El pescado, además de ser rico en proteínas, nos aporta grasas muy relevantes para el desarrollo del feto como los aceites omega 6 y omega 3. Pero por otra parte, debido a la contaminación de los océanos, estos peces acumulan niveles de mercurio que varían de forma notable según la especie.

Los peces más grandes que tardan más tiempo en crecer y que se alimentan de otros más pequeños, son los que acumulan una mayor concentración de mercurio.
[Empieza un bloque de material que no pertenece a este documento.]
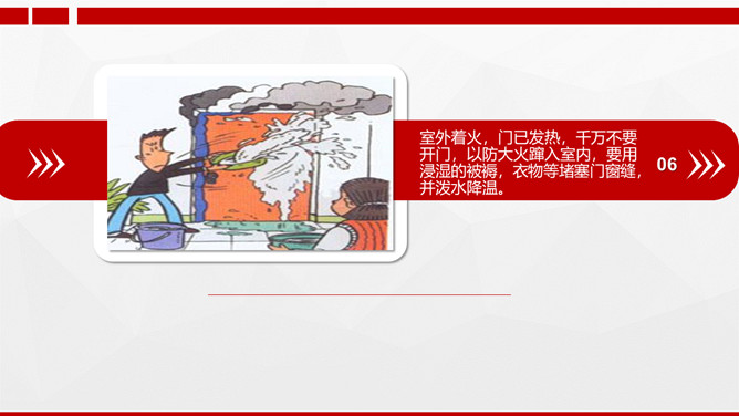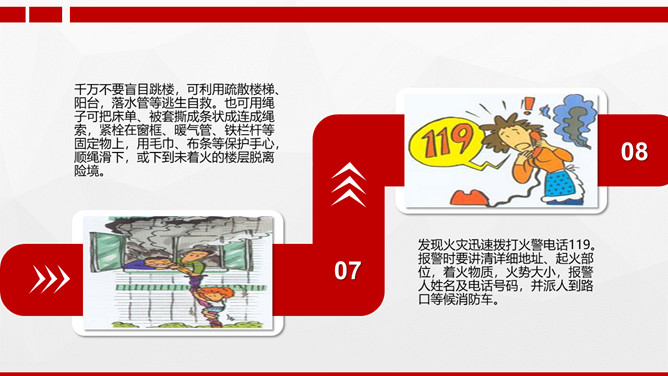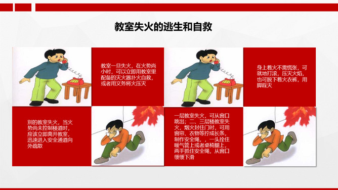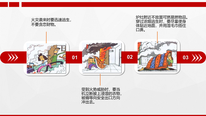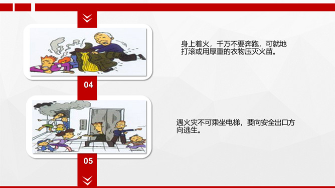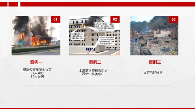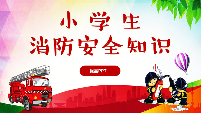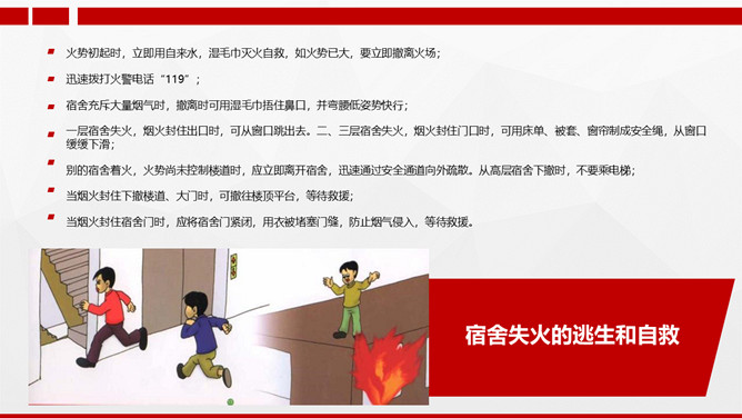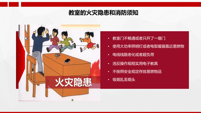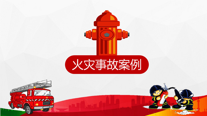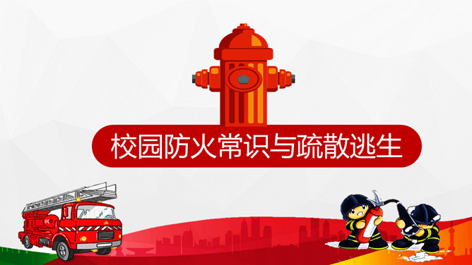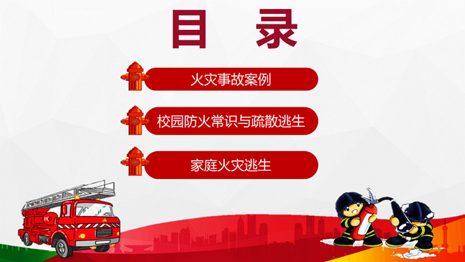 小学生消防安全知识教育班会PPT模板。内容包括火灾事故案例、校园防火常识与疏散逃生、家庭火灾逃生。

Por otra parte, los peces criados en aguas más limpias (pescados de río), los de menor tamaño o aquellos criados en piscifactorías, son los que menos mercurio tienen y son perfectos para consumirlos durante el embarazo.
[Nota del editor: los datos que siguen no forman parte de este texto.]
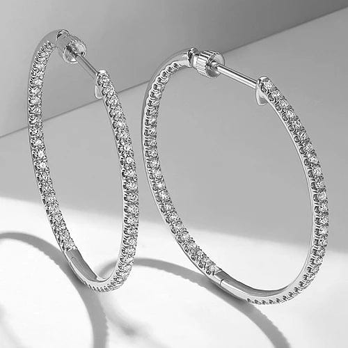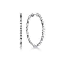 14K White Gold French Pave 30mm Round Inside Out Diamond Hoop Earrings

En las mujeres que están en edad reproductiva y, especialmente, aquellas que se encuentran embarazadas o están amamantando, las recomendaciones son el consumo de 2-3 porciones de pescado (o marisco) semanales (del tamaño aproximado de la palma de una mano), de las siguientes especies de pescados: boquerón o anchoa, sardina, corvina, caballa, róbalo, palometa, salmón, calamar, almeja, camarón, raya, pejerrey, eglefino, merluza, arenque, tilapia, lisa o pargo, ostra, lucio, vieira, lacha,  lenguado, cangrejo de río, perca, bacalao, cangrejo, platija o lenguado, gado o abadejo, trucha, atún enlatado claro (incluye el bonito), en general el pescado blanco y el estornino del Pacífico.
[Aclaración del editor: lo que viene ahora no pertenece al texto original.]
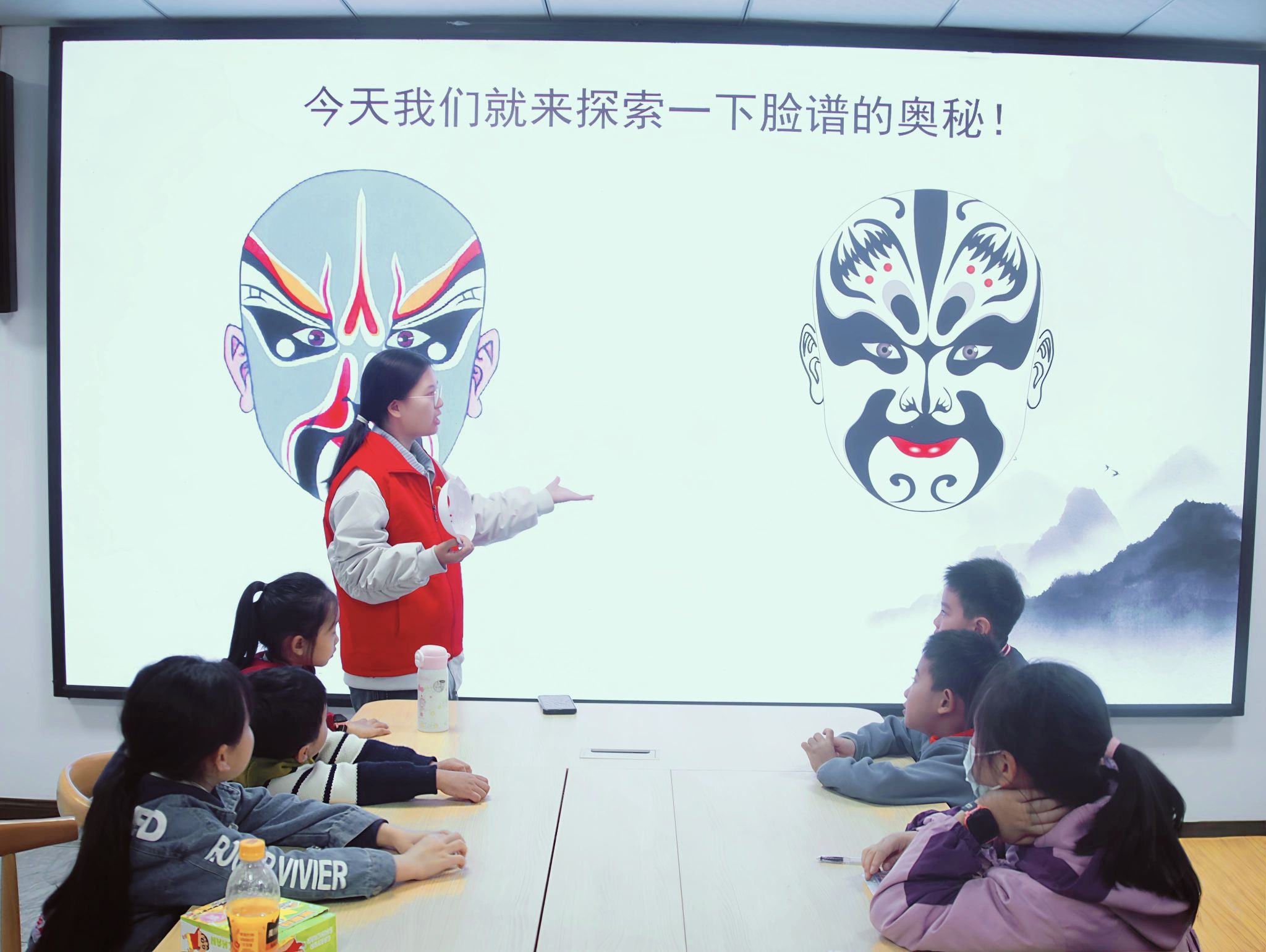传承非遗,浸润童心。为宣传京剧脸谱的文化内涵,培养青少年儿童对京剧脸谱历史脉络的认识,完满课堂志愿服务专项支队于2025年11月9日在新街子社区开展生动有趣的“脸谱绘韵,戏传童心”——青少年儿童文化课堂志愿服务活动。活动旨在通过“文化讲解—技巧学习—创意创作”等丰富形式,鼓励儿童自主设计纹样,将脸谱绘制与戏曲文化深度融合,让孩子们感受京剧脸谱的艺术魅力,了解其作为“中华民族正义符号”的精神价值。

También se recomienda el consumo de una porción de pescado cada semana de las siguientes especies (de mayor tamaño y con mayor presencia de omega 6): lutjánido o pargo, gallineta o pescado de roca, caballa española, rape, halibut o fletán, dorado/pez delfín, bacalao negro, perca rayada (de mar), blanquillo o lofolátilo, atún o albacora/blanco enlatado y fresco/congelado, chopa, carpa, mero, corvinata real/trucha de mar, corvina blanca/Corvina del Pacífico, bagre búfalo (o bagre boca chica) y perca de mar chilena/Merluza negra.

Por último, los pescados más grandes y cuyo consumo debe ser realizado de forma puntual (no incorporado a nuestra dieta semanal), son las especies de macarela rey o caballa, reloj anaranjado, raya o pez emperador, aguja, tiburón blanquillo o lofolátilo (Golfo de México), atún de ojos grandes o patudo, pez espada.

Si sigues estas recomendaciones de consumo de pescado durante el embarazo y lactancia evitarás cualquier riesgo para tu salud y la de tu hijo.

Control del embarazo en la consulta de nutrición

 

La consulta del dietista – nutricionista es una buena opción para llevar un buen control del embarazo. La realización de una dieta personalizada ayuda a mejorar las molestias del embarazo y a poder hacer un buen control del peso. Una de las herramientas que utilizamos en Alimmenta es la medición del pliegue tricipital y la circunferencia del brazo derecho. Si las medidas se mantienen constantes significará que no se está engordando y que la ganancia de peso que se produce es correcta. Si por el contrario las medidas disminuyen o aumentan significará que la mujer está adelgazando o ganando más peso de lo recomendado. En estos casos es importante corregir la dieta.